In the midnight hour my friend of Heartsease hears of a young girl, evidently a new-comer, whom the brothel or the saloon has in its clutch, and she gets out of bed, and, going after her, demands her sister, and gets her out from the very jaws of hell. Again, on a winter’s night, a drunken woman finds her way to her door—a married woman with a husband and children. And she gets out of her warm bed again, and, when the other is herself, takes her home, never leaving her till she is safe.
I found her papering the walls and painting the floor in her room. I said to her that I did not think you could do anything with those women,—and neither can you, if they are just “those women” to you. Jesus could. One came and sat at his feet and wept, and dried them with her hair.

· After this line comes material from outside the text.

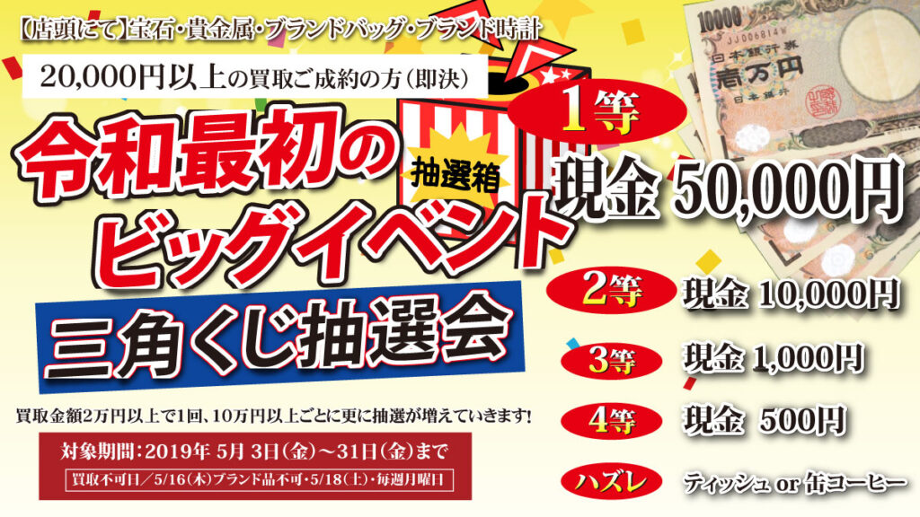 【店頭】5/3(金)〜5/31(金)買取金額20,000円以上で【現金5万円が当たる三角くじ抽選会】

“Oh,” said she, “it isn’t so! They come, and are glad to stay. I don’t know that they are finally saved, that they never fall again. But here, anyhow, we have given them a resting spell and time to think. And plenty turn good.”
She told me of a girl brought in by her brother as incorrigible. No one knew what to do with her. She stayed in that atmosphere of affection three months, and went forth to service. That was nearly half a year before, and she had “stayed good.” A chorus girl lived twelve years with a man, who then cast her off. Heartsease sent her out a domestic, at ten dollars a month, and she, too, “stayed good.”
“I don’t consider,” said the woman of Heartsease, simply, “that we are doing it right, but we will yet.”
I looked at her, the frail girl with this unshaken, unshakable faith in the right, and asked her, not where she got her faith—I knew that—but where she got the money to run the house. Alas, for poor human nature that will not accept the promise that “all these things shall be added unto you!” She laughed.
“The rent is pledged by half a dozen friends. The rest—comes.”
“But how?”
She pointed to a lot of circulars, painfully written out in the night watches.
“We are selling soap just now,” she said; “but it is not always soap. Here,” patting a chair, “this is Larkin’s soap; that chafing-dish is green stamps; this set of dishes is Mother’s Oats. We write to the people, you see, and they buy the things, and we get the prizes. We’ve furnished the house in that way. And some give us money. A man offered to give an entertainment, promising to give us $450 of the receipts. And then the Charity Organization Society warned us against him, and we had to give up the $450,” with a sigh. But she brightened up in a moment: “The very next day we got $1000 for our building fund. We shall have to move some day.”